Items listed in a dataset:
Start of Block

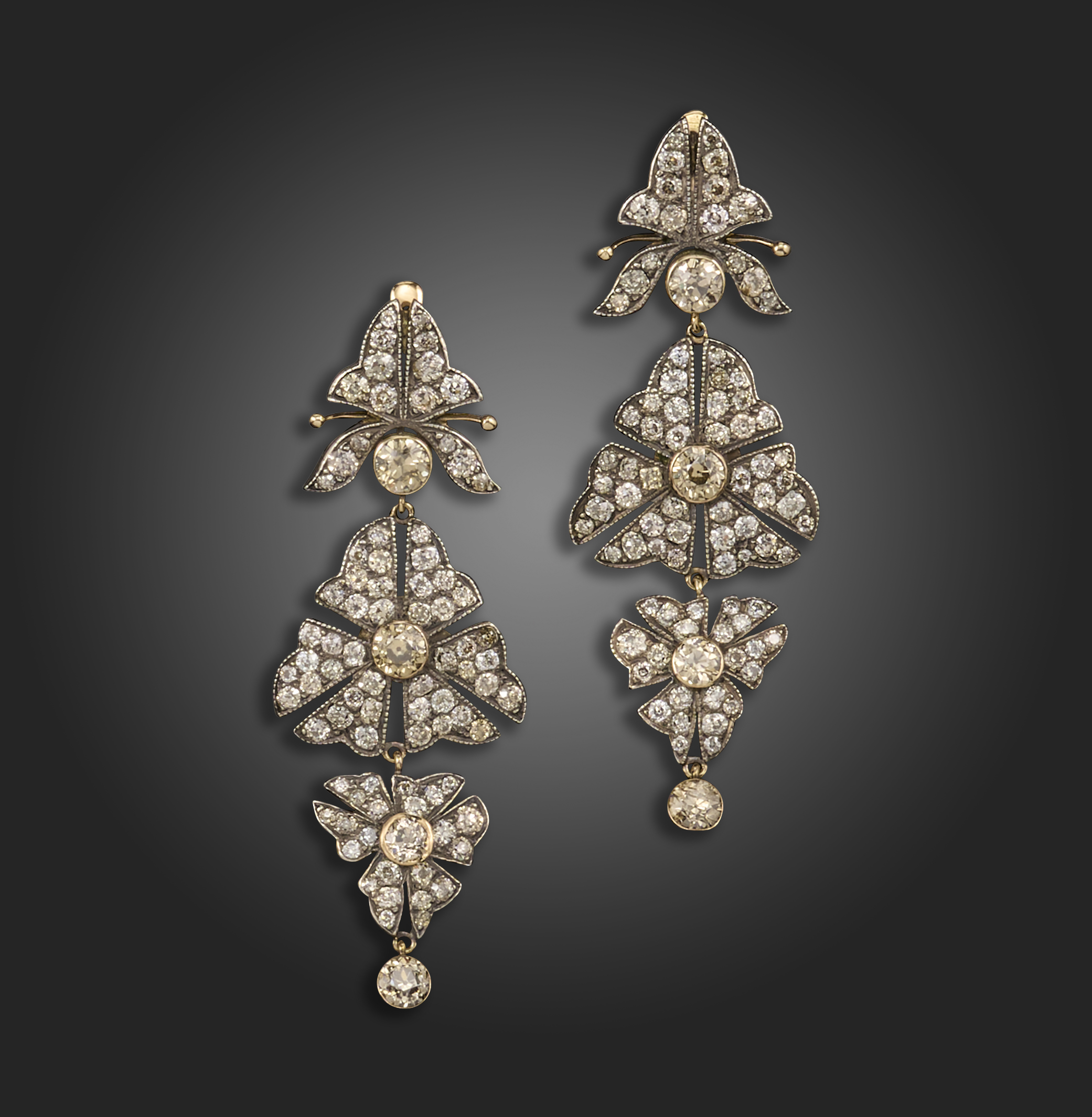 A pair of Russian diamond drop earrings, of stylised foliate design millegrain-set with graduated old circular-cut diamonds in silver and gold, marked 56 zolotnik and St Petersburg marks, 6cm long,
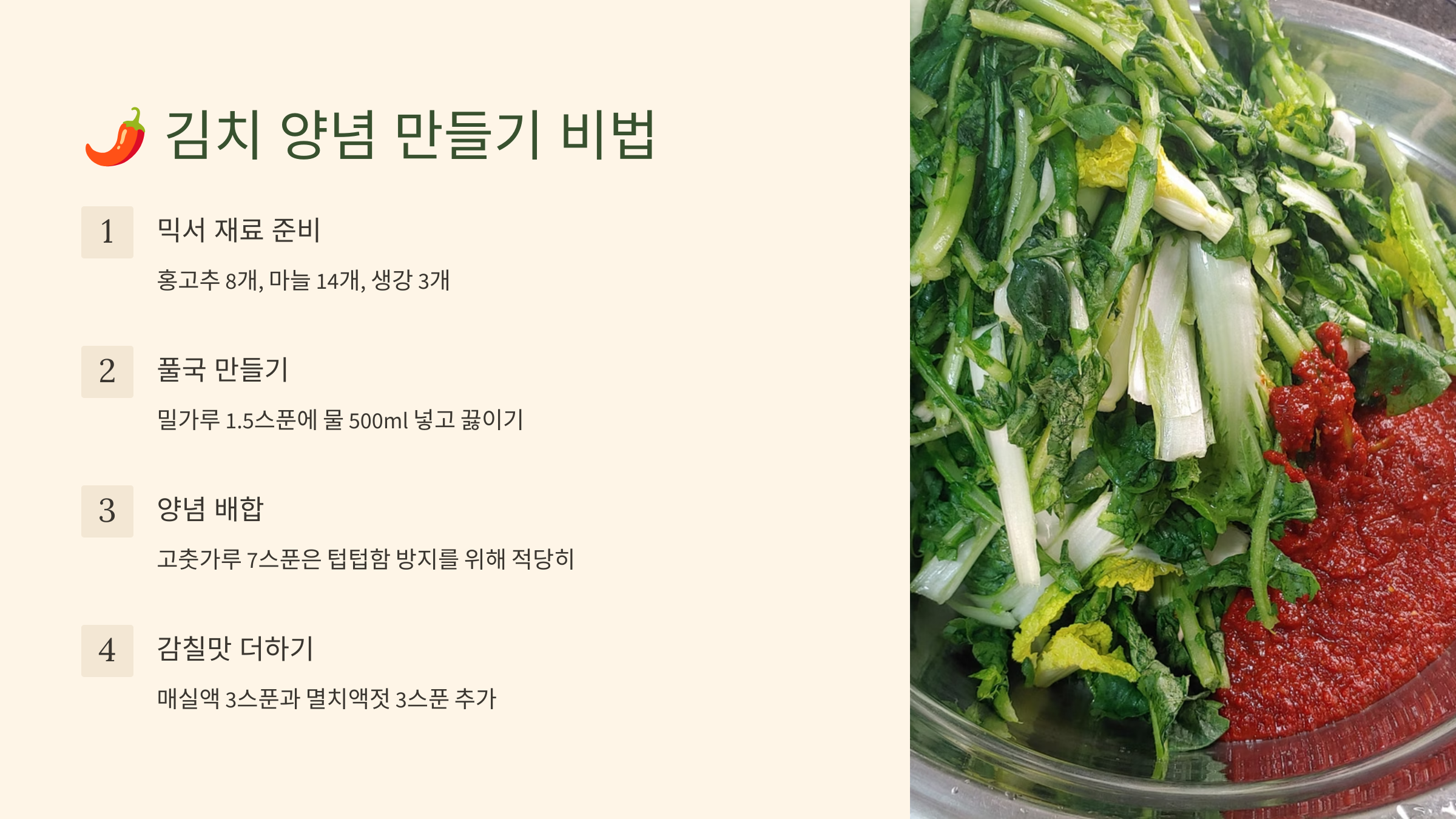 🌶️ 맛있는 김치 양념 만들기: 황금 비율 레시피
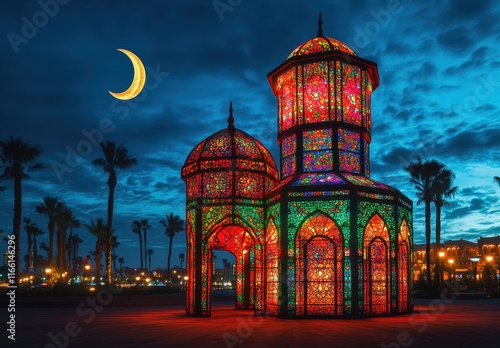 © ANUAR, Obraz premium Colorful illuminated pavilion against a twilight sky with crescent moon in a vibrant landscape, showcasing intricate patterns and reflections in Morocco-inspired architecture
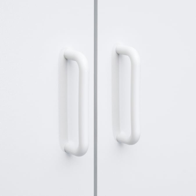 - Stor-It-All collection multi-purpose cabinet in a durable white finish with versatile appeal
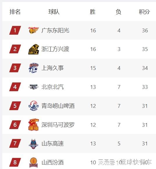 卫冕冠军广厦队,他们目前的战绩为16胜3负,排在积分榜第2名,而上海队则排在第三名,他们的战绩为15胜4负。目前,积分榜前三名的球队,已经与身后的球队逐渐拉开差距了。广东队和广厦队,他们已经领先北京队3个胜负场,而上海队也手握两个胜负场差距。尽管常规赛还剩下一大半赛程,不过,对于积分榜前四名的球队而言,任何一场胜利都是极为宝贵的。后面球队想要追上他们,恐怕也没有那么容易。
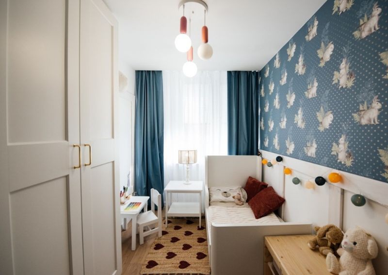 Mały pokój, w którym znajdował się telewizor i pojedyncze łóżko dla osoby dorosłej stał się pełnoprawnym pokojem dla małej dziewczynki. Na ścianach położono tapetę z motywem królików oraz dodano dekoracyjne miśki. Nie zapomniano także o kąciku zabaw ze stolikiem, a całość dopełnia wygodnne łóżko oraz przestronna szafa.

End of Block

EXERCISE BRIEF: Write out word for word the lines above that run from the one with "- Stor-It-All collection" to the one with "卫冕冠军广厦队,他们目前的战". Include both end lines; exclude the images.

RESPONSE TO THE TASK:
 - Stor-It-All collection multi-purpose cabinet in a durable white finish with versatile appeal
 卫冕冠军广厦队,他们目前的战绩为16胜3负,排在积分榜第2名,而上海队则排在第三名,他们的战绩为15胜4负。目前,积分榜前三名的球队,已经与身后的球队逐渐拉开差距了。广东队和广厦队,他们已经领先北京队3个胜负场,而上海队也手握两个胜负场差距。尽管常规赛还剩下一大半赛程,不过,对于积分榜前四名的球队而言,任何一场胜利都是极为宝贵的。后面球队想要追上他们,恐怕也没有那么容易。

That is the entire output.